And let us be clear: the soft-Keynesian policy proposals of the likes of Syriza, Melenchon and the Dutch SP are crisply to the right of the positions of the post-war social democratic parties of northern Europe that ushered in the welfare state through to the end of what the French call Les Trentes Glorieuses – the 30 glorious post-war years of labour-capital compromise. A useful comparison is the 1945 election manifesto of the British Labour Party, which declared that it would nationalise great swathes of the economy, take the Bank of England under democratic control, deliver public healthcare, full employment and progressive taxation that would squeeze the rich until they squeaked. Their continental homologues were scarcely different. By this logic, Clement Atlee, Olof Palme, Willy Brandt and Bruno Kreisky – the giants of European social democracy – were all populists and demagogues. For contemporary European social democrats to describe the likes of Melenchon and Tsipras as populists is to deny their own origins and to denigrate their greatest achievements.
The success of Beppe Grillo’s Movimento Cinque Stelle (Five Star Movement) in the February elections, winning the most votes of any party, has thoroughly destabilised the political ecology of the country (or it could be argued that the destabilisation of the political ecology of the country allowed Cinque Stelle to succeed). The centre-left coalition led by the Democratic Party of Pier Luigi Bersani barely mustered more support than the scandal-ridden Berlusconi and is unable to form an effective or durable government. Markets had their predictable ‘Democracy – what a bitch’ moment, with share prices swooning across the continent and sovereign bond yields spiking across the eurozone periphery to levels not seen for months.
Again we heard the demand “Tutti a Casa!” (Again: Que se vayan todos! / Kick ‘em all out!) as M5S soared from 1.8 percent support in 2010 to 24 percent within two years; almost two out of three voters backed anti-austerity parties; and a full 90 percent did not vote for the party of European austerity – the Monti coalition. Grillo’s intransigence, refusing to join any coalition (as of the time of writing) makes the country effectively ungovernable at least in terms of the Brussels-Frankfurt consensus. This is, without question, the first major victory of the anti-austerity resistance. Not the Indignados, not the Greek general strikes, not Tsipras or Melenchon have achieved this.

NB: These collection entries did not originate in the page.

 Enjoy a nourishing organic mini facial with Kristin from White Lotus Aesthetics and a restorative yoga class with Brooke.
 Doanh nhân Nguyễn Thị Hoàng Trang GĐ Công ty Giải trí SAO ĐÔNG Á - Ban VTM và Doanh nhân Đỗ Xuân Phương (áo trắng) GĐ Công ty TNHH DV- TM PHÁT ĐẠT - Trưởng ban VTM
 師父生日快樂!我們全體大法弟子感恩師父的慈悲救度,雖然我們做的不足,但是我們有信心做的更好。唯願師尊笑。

We could even say that Grillo has been braver than Tsipras in that he campaigned on an explicit platform of withdrawal from the euro, and says that Cinque Stelle would buy back €600bn in Italian bonds from foreign holders while delivering a painful haircut to them – in effect a default, while Syriza has been more coquettish on these questions. That a plurality of Italians – historically one of the most pro-European of EU member states – could confidently endorse a break-up of the euro, is a remarkable change in fortunes for the bloc. It changes everything. It is transparently clear that the European elite is losing popular consent for the union even amongst its most committed subjects. The challenge to the political legitimacy of the European Union has arrived at the heart of the project.

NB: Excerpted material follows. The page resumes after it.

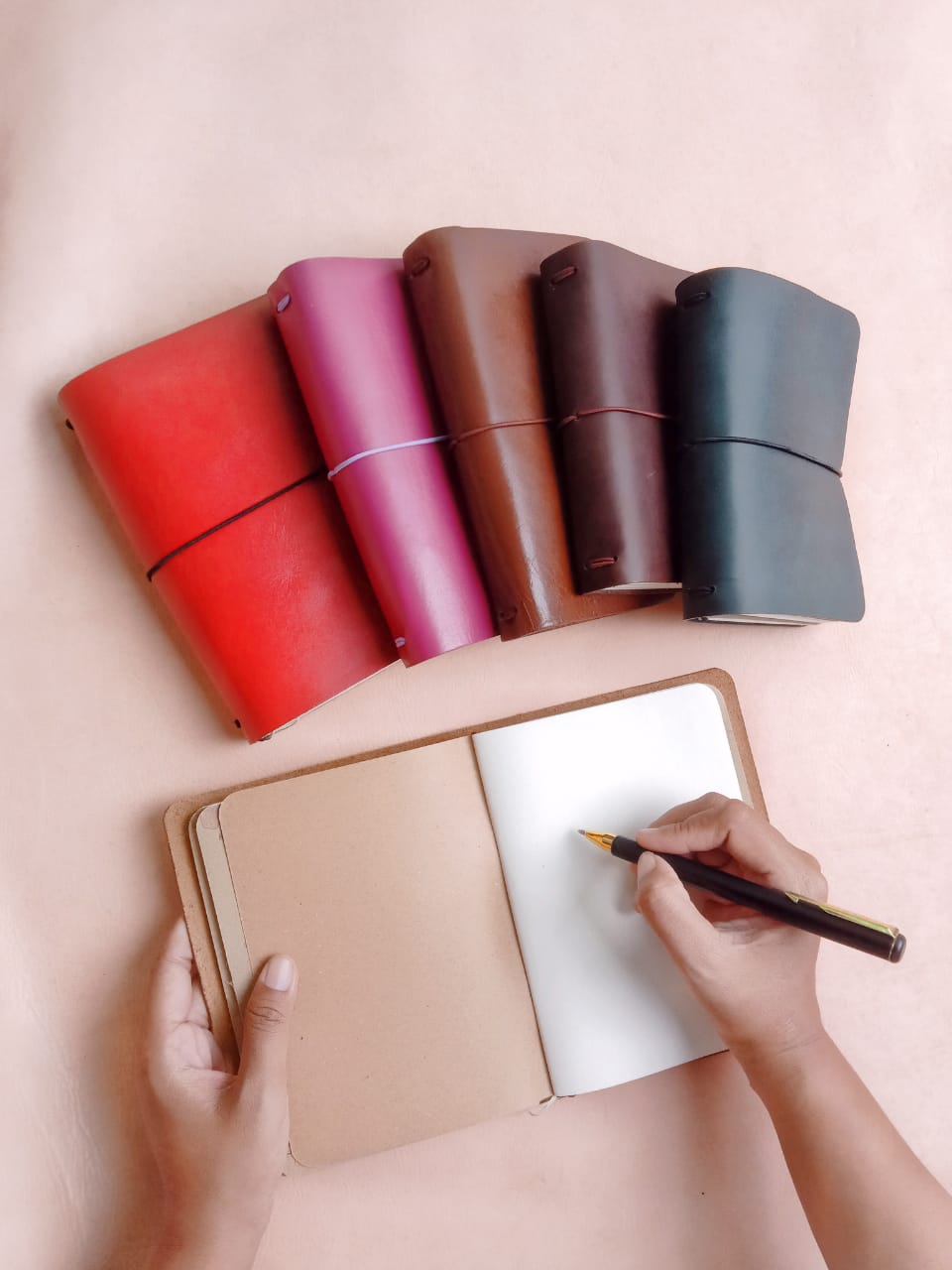 jurnal untuk menemani perjalanan maupun aktifitas harian, dengan sampul kulit sapi asli dan isian yang bisa diisi ulang. untuk keperluan souvenir korporat, tersedia layanan penambahan logo perusahaan ataupun nama di tiap jurnalnya, beserta hard box dengan custom logo perusahaan.

There are also aspects of Grillo’s movement (or movement of movements – a coalescence of different campaigns over public water, green energy, etc.) that appear at first glance to have replicated the best horizontal, maximally democratic aspects of Occupy and the Indignados and the resistance movements that have come before: the Seattle-to-Genoa altermondialist movement of the late 90s/early 2000s. His ‘Grillini’, the 163 fresh-faced new deputies and senators, most of them in the 20s and 30s, selected through online voting and arriving in Rome to take up their seats bringing with them little more than backpacks and sleeping bags. Grillo repeatedly declares: “We’re not a political party; we’re a civic revolution.”

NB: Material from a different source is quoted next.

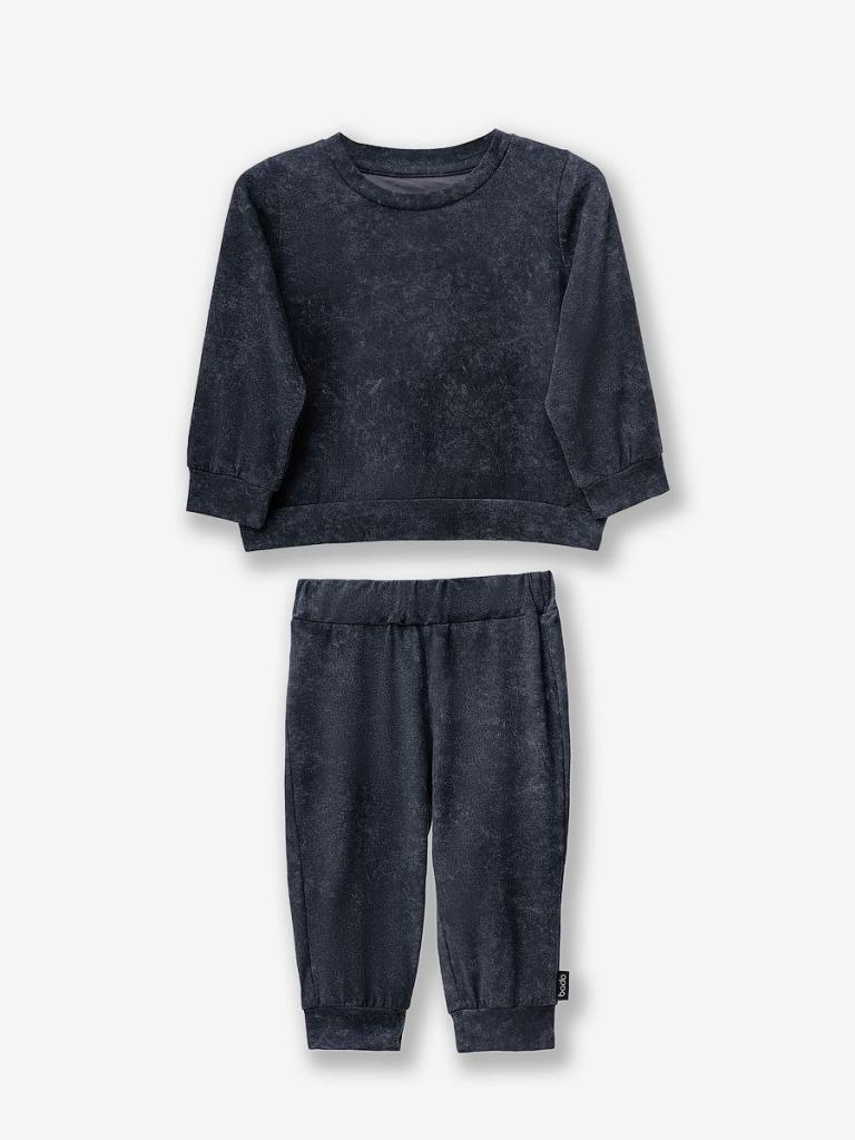Артикул 21-98МU Материал кулирная гладь Состав 92% хлопок 8% лайкра Костюм для детей ясельгого возраста. Брюки прямые на притачном поясе с внутренней резинкой. Брюки с манжетой. Свитшот без подкладки, прямого силуэта, с притачным поясом по низу изделия. Свитшот с втачными рукавами с притачной манжетой. Горловина округлой формы.

There are those who would say that at this early point in the Cinque Stelle’s career, it is too soon to be overly judgemental or sectarian towards the phenomenon. That it is not an expressly progressive movement does not – so far – undermine its theoretical transformative potential goes the argument. A number of progressives emerging from what autonomist commentator Federico Campagna2 (a critic of Cinque Stelle) describes as the Italian “ruins of the post-2001 movements” (altermondialist, Rifondazione Comunista, Tute Bianchi, No Globo, autonomist, anarchist, etc.) have involved themselves with this new force.3
But I want to argue that there is sound reason for reticence regarding Grillo and Cinque Stelle. For the purposes of this essay, I am less interested in some of the political positions of the grouping than the question of whether Cinque Stelle represents a transcendence of the anti-politics that buttresses liberal/technocratic and/or fascist/authoritarian post-democracy – in other words, a progressive/self-governing anti-politics – or whether instead it represents some sort of as-yet-unresolved contradictory hybrid form.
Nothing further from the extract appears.